Bivalve shellfish readily bioconcentrate microbial pathogens from marine and estuarine waters. While fecal coliforms and other pathogenic bacteria from human and animal wastes do not persist within shellfish tissues beyond a few days, enteric viruses such as hepatitis A virus (HAV) can persist in estuarine waters and within shellfish tissues for periods of several weeks or more (1, 4, 15, 28, 38). In fact, HAV and other viruses are readily identified in shellfish harvested in certain European regions (3, 10, 17, 29, 31). HAV-contaminated shellfish have caused significant outbreaks of human disease (5, 11, 22). Furthermore, global trade of virally contaminated shellfish has resulted in outbreaks and dissemination of HAV and other exotic virus strains to geographic areas where they are not endemic (5, 19, 27, 35, 36).

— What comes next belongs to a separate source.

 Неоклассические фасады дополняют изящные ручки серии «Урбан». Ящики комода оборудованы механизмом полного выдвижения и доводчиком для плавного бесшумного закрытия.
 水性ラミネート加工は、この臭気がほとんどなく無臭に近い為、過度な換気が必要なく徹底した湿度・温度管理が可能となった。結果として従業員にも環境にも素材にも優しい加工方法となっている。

Once virus contaminated, there are limited postharvest options for inactivating infectious virus within shellfish while retaining the raw characteristics and high market value of the product. A commercial process called depuration, in which live shellfish stock are placed in tanks of clean seawater for periods of up to several days, is generally recognized as inadequate for purging HAV and other enteric viruses (10, 18, 21, 28, 38). Irradiation is of limited utility, because inactivation of enteric viruses requires relatively high levels of radiation that can negatively affect shellfish taste, appearance, and shelf life (16, 23). Presently, cooking is generally recognized as the only reliable mitigation method to sanitize shellfish potentially contaminated with HAV (13, 32). However, many shellfish consumers insist on eating raw shellfish or at least minimally cooked oysters, because cooking alters the organoleptic qualities of shellfish.

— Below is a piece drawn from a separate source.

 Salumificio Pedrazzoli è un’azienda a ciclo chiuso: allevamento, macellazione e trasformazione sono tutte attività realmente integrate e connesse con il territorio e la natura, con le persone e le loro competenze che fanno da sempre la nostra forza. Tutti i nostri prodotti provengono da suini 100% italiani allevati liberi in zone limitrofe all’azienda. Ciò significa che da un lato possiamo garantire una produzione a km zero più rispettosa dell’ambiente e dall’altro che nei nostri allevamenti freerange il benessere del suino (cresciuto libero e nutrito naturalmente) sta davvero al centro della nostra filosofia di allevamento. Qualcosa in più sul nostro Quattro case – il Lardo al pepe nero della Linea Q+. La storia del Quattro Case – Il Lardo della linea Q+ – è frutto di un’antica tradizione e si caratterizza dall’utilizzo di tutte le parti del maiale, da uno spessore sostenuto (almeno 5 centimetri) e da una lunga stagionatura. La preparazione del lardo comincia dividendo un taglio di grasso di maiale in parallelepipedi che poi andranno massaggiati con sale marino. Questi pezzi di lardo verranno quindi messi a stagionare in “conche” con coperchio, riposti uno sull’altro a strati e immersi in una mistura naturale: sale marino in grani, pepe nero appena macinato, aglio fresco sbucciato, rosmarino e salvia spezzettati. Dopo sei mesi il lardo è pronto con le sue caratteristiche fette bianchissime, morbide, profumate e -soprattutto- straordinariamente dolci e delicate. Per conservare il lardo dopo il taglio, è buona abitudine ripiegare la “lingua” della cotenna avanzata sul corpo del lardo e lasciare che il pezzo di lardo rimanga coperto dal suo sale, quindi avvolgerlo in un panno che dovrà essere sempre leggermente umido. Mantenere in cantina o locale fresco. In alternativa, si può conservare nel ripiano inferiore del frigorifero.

Recently, an alternate technology, high hydrostatic pressure (HHP), has come to the forefront as a potential means for mitigating pathogens within raw shellfish. HHP is utilized commercially on the United States gulf and western coasts (Gold Seal Oysters Inc., Homa, La., and Nisbet Oyster Inc., Bay Center, Wash.) at pressures of up to 275 megapascals (MPa), principally because it can facilitate the oyster-shucking process and extend the shelf-life of raw oysters due to the reduction of spoilage bacteria (24). Organoleptic evaluations have shown that HHP-treated oysters are acceptable to consumers at treatment pressures as high as 400 MPa or approximately 60,000 lb/in2 (30).

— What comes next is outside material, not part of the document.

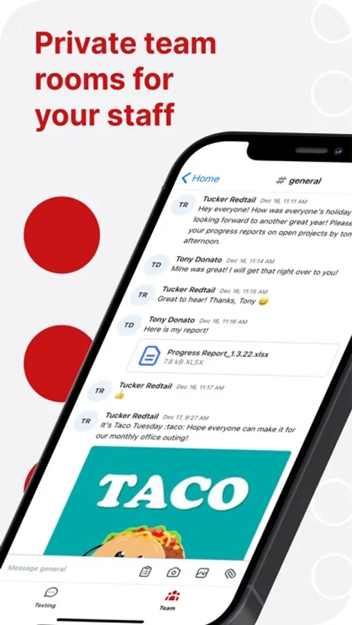 • unlimited channels for group team chats and unlimited private direct messaging for one-on-one conversations with other team members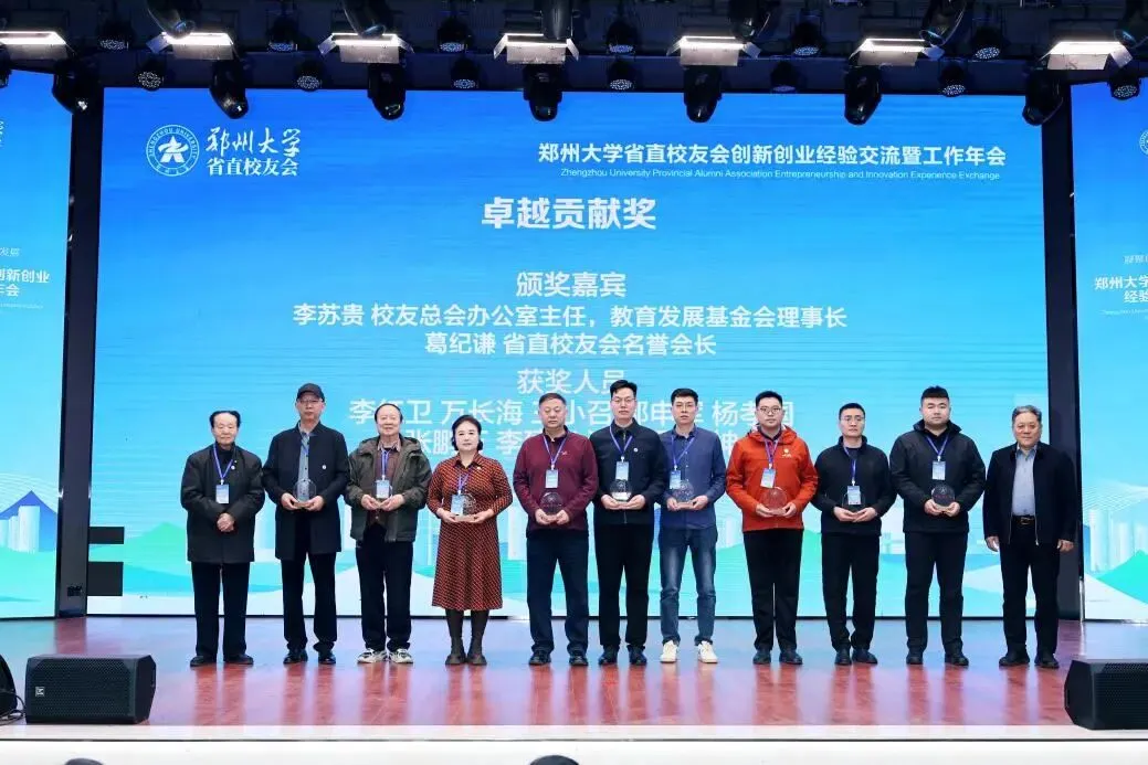 会议期间,郑州大学省直校友会副秘书长、明天建设集团董事长王小召荣获校友会颁发的“卓越贡献奖”。该奖项旨在表彰在过去一年中,为校友会发展、学校建设及社会服务作出突出贡献的校友代表。王小召董事长凭借其在推动校友经济、助力校企合作、服务社会发展等方面的积极作为,获此殊荣,充分展现了明天建设集团在企业责任担当与校友情怀方面的深厚积淀。

Experimental evidence suggests that HHP can inactivate some important bacterial pathogens. Berlin and coworkers (2) demonstrated that Vibrio vulnificus, V. parahaemolyticus, and V. cholerae were inactivated in artificial seawater by 15-min treatments at 250 MPa. In this same study, a 10-min, 200-MPa treatment of homogenized raw oysters inoculated with 107 CFU of either V. vulnificus or V. parahaemolyticus/g reduced the bacteria to levels of <10 CFU/g. Cook (12) has recently extended this work to demonstrate that naturally occurring V. vulnificus in both whole oysters (Crassostrea virginica) and oyster meat homogenates were reduced by ~5 log after pressure treatment at 241 MPa for 120 s.

With respect to viral pathogens, it was demonstrated that feline calicivirus, a norovirus surrogate, can be inactivated by HHP at pressures of 275 MPa (26) and that San Miguel sea lion virus 17 (SMSV-17), a second norovirus surrogate, was inactivated by HHP. In oyster homogenate, the titer of SMSV-17 was reduced by 0.04, 1.57, 3.35, and >3.97 log10 PFU/ml at 200, 250, 275, and 300 MPa, respectively, when pressurized for 1 min (7).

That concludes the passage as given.